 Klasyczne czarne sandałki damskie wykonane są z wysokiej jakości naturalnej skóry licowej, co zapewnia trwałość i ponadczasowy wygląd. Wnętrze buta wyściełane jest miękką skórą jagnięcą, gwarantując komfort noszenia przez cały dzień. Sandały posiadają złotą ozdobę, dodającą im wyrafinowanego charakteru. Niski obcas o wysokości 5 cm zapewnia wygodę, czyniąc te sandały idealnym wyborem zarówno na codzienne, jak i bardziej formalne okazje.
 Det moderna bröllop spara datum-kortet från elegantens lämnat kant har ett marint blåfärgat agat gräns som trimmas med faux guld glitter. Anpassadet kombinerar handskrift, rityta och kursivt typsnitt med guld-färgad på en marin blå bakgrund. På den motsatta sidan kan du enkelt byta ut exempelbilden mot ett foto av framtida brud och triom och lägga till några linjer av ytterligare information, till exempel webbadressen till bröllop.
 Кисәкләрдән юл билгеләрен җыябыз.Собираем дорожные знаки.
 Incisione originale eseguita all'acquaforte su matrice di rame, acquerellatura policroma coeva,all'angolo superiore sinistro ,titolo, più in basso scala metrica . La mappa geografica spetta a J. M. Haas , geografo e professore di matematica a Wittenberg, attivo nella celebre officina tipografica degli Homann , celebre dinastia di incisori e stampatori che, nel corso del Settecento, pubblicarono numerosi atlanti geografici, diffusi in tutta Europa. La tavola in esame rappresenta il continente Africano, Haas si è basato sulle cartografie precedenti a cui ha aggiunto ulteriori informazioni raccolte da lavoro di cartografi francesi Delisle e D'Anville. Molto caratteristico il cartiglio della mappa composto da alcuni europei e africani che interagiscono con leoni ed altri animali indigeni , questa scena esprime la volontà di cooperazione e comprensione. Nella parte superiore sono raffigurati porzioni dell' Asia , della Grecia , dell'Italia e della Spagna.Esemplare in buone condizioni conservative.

########

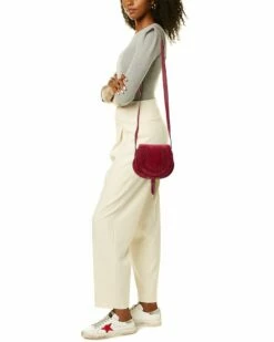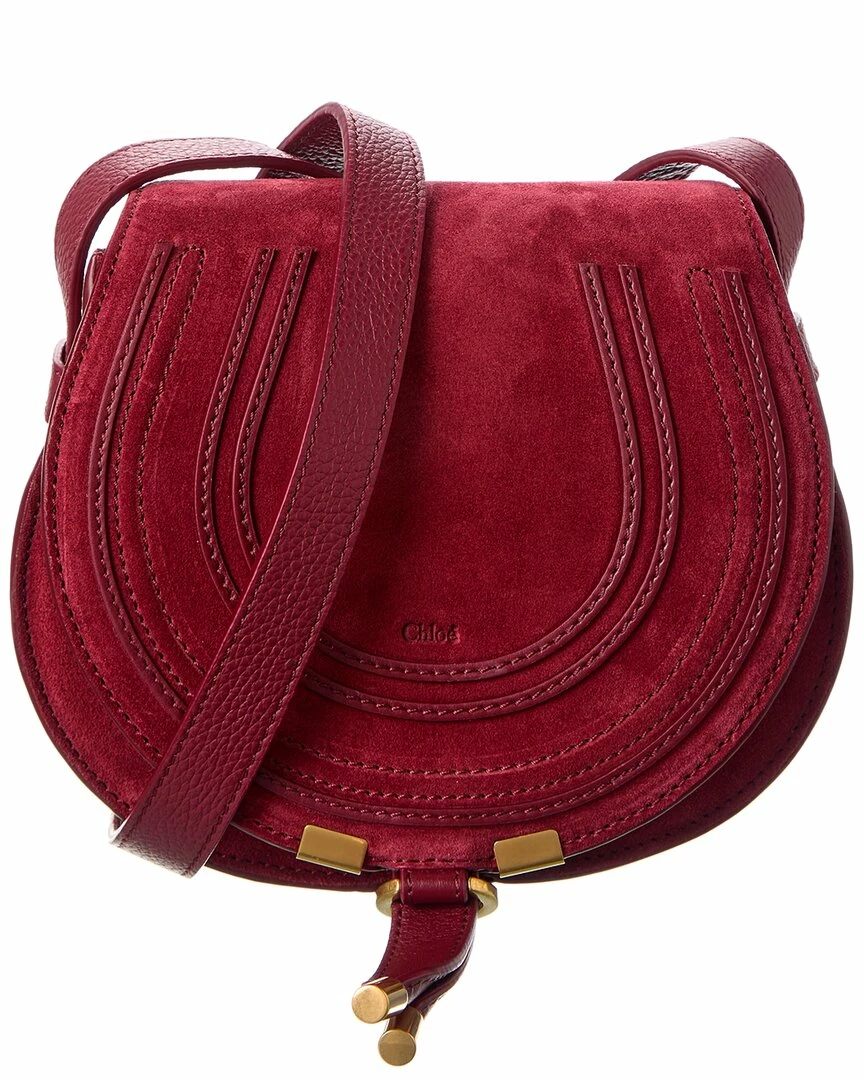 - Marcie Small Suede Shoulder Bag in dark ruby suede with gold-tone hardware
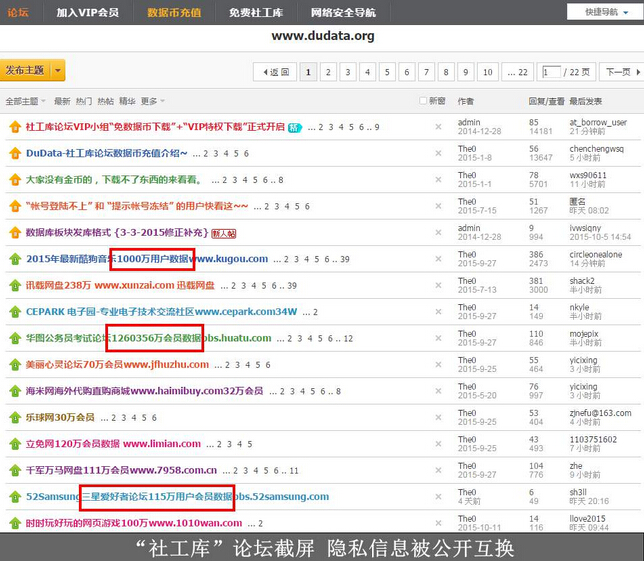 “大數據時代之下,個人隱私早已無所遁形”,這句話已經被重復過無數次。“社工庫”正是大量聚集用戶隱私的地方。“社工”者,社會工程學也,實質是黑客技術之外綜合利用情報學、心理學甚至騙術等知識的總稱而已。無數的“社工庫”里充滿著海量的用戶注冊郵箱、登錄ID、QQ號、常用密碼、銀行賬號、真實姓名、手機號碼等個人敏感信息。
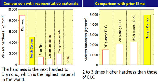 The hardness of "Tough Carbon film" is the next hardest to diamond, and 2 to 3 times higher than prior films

########

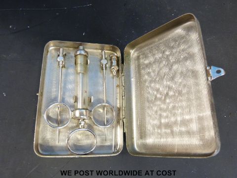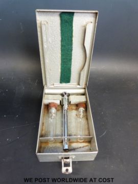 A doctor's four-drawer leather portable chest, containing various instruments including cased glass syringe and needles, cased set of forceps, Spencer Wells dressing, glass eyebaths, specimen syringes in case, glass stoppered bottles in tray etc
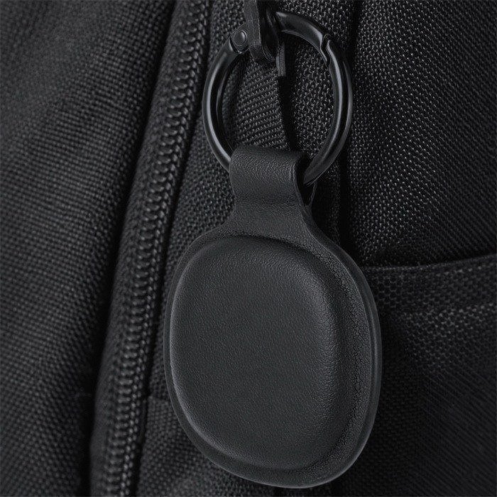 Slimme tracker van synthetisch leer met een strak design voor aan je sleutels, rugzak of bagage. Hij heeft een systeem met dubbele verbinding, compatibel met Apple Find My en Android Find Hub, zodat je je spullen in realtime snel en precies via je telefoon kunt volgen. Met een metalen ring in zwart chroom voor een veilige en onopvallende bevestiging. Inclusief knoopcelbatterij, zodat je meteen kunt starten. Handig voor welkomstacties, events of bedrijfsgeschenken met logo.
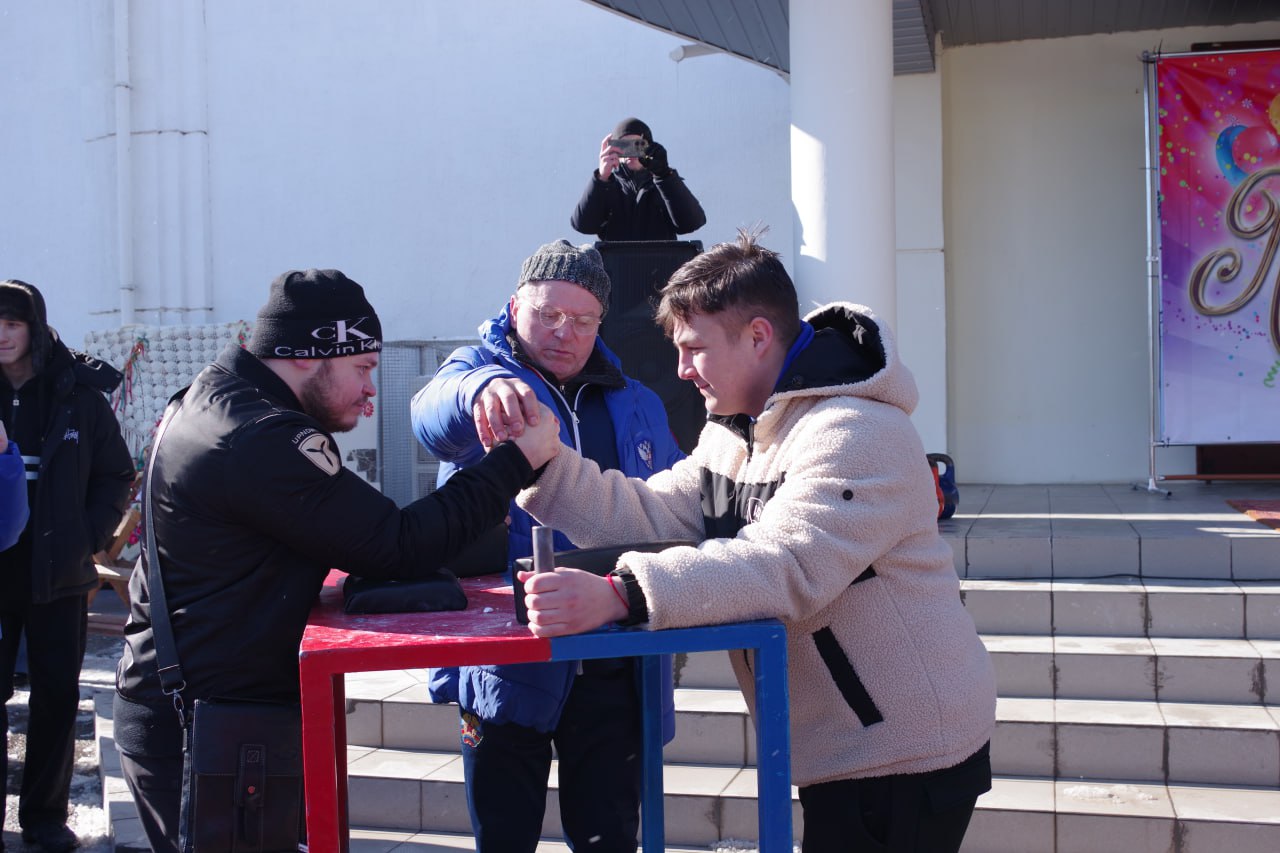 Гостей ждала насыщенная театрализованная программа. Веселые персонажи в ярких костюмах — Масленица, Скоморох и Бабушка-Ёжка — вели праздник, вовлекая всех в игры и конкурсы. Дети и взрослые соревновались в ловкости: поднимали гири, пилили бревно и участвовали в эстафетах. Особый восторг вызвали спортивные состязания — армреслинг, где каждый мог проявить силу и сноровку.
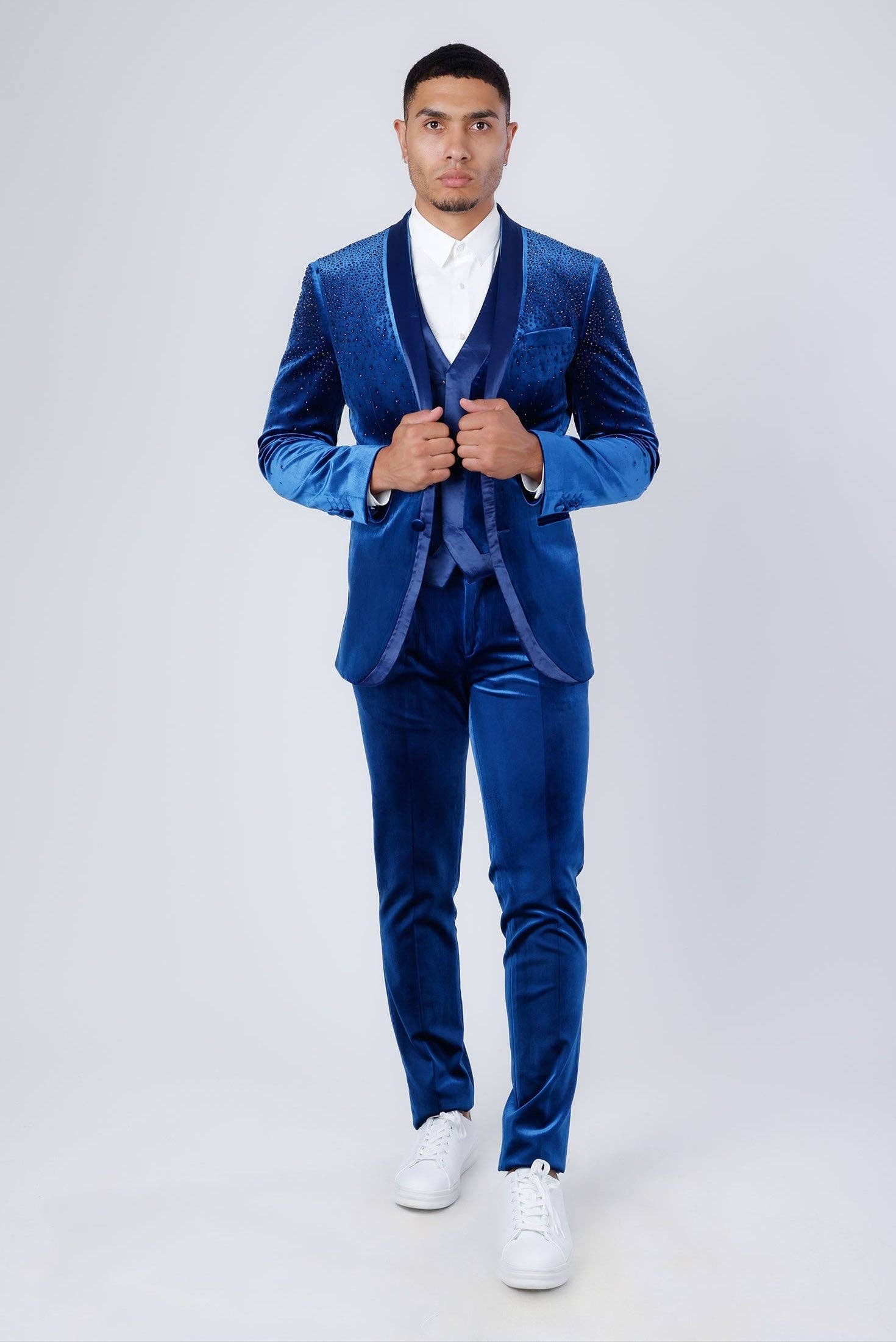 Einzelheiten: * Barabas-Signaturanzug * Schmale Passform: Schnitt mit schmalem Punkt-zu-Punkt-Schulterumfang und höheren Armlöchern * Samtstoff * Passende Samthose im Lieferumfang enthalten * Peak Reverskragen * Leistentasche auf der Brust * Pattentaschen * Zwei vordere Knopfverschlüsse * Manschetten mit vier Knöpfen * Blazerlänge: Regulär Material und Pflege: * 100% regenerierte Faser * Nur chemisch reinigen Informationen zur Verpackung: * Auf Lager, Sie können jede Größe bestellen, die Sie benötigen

########

Work required: The range runs from the line with "Klasyczne czarne sandałki" up to and including the line with "Кисәкләрдән юл билгеләрен" in the listing above; please write out exactly those lines and nothing more.

Your response:
 Klasyczne czarne sandałki damskie wykonane są z wysokiej jakości naturalnej skóry licowej, co zapewnia trwałość i ponadczasowy wygląd. Wnętrze buta wyściełane jest miękką skórą jagnięcą, gwarantując komfort noszenia przez cały dzień. Sandały posiadają złotą ozdobę, dodającą im wyrafinowanego charakteru. Niski obcas o wysokości 5 cm zapewnia wygodę, czyniąc te sandały idealnym wyborem zarówno na codzienne, jak i bardziej formalne okazje.
 Det moderna bröllop spara datum-kortet från elegantens lämnat kant har ett marint blåfärgat agat gräns som trimmas med faux guld glitter. Anpassadet kombinerar handskrift, rityta och kursivt typsnitt med guld-färgad på en marin blå bakgrund. På den motsatta sidan kan du enkelt byta ut exempelbilden mot ett foto av framtida brud och triom och lägga till några linjer av ytterligare information, till exempel webbadressen till bröllop.
 Кисәкләрдән юл билгеләрен җыябыз.Собираем дорожные знаки.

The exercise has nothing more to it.